WHAT THE TASK ASKS: An exact reproduction of the records is required, with all images left out.

THE INPUT:
--- START ---

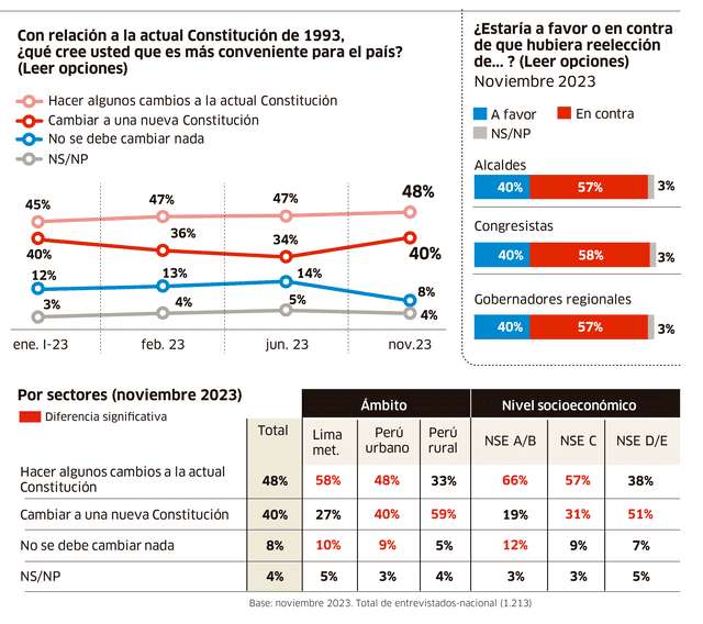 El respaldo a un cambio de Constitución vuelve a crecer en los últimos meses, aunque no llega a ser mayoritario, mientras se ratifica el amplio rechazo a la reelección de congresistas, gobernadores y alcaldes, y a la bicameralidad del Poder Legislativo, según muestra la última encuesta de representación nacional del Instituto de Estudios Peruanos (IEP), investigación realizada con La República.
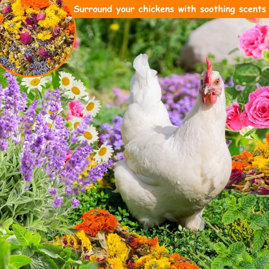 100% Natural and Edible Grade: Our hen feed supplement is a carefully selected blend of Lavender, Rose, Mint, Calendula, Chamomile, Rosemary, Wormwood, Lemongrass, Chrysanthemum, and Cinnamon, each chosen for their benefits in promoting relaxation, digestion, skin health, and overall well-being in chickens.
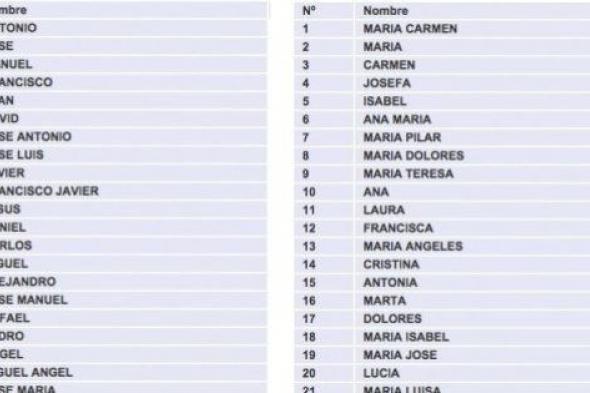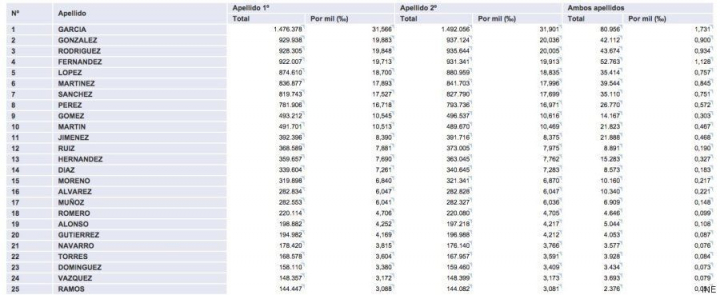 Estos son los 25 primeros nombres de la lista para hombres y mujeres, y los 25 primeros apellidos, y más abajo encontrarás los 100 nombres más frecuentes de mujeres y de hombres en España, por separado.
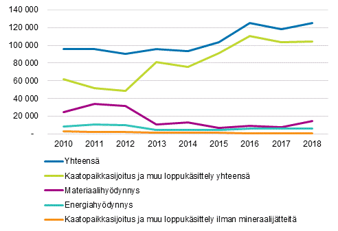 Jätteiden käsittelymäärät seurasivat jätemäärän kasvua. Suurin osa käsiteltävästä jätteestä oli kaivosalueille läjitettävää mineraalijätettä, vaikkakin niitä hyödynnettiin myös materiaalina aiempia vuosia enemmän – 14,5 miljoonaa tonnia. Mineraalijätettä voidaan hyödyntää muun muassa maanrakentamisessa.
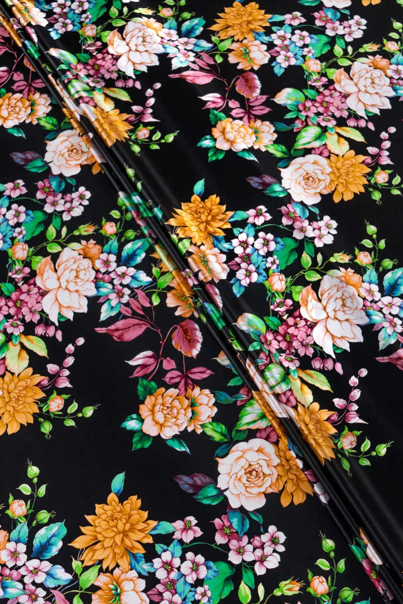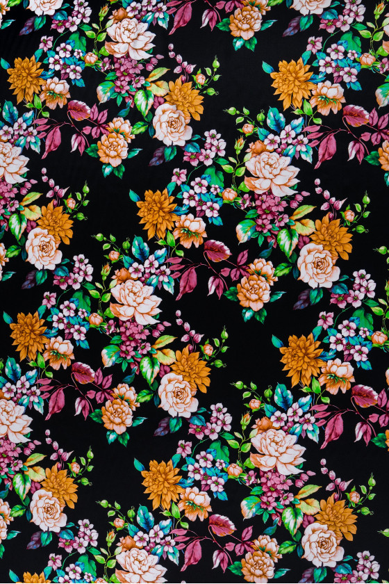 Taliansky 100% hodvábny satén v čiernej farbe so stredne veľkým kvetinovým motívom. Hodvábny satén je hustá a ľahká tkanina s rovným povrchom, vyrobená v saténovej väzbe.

--- END ---

ANSWER:
 El respaldo a un cambio de Constitución vuelve a crecer en los últimos meses, aunque no llega a ser mayoritario, mientras se ratifica el amplio rechazo a la reelección de congresistas, gobernadores y alcaldes, y a la bicameralidad del Poder Legislativo, según muestra la última encuesta de representación nacional del Instituto de Estudios Peruanos (IEP), investigación realizada con La República.
 100% Natural and Edible Grade: Our hen feed supplement is a carefully selected blend of Lavender, Rose, Mint, Calendula, Chamomile, Rosemary, Wormwood, Lemongrass, Chrysanthemum, and Cinnamon, each chosen for their benefits in promoting relaxation, digestion, skin health, and overall well-being in chickens.
 Estos son los 25 primeros nombres de la lista para hombres y mujeres, y los 25 primeros apellidos, y más abajo encontrarás los 100 nombres más frecuentes de mujeres y de hombres en España, por separado.
 Jätteiden käsittelymäärät seurasivat jätemäärän kasvua. Suurin osa käsiteltävästä jätteestä oli kaivosalueille läjitettävää mineraalijätettä, vaikkakin niitä hyödynnettiin myös materiaalina aiempia vuosia enemmän – 14,5 miljoonaa tonnia. Mineraalijätettä voidaan hyödyntää muun muassa maanrakentamisessa.
 Taliansky 100% hodvábny satén v čiernej farbe so stredne veľkým kvetinovým motívom. Hodvábny satén je hustá a ľahká tkanina s rovným povrchom, vyrobená v saténovej väzbe.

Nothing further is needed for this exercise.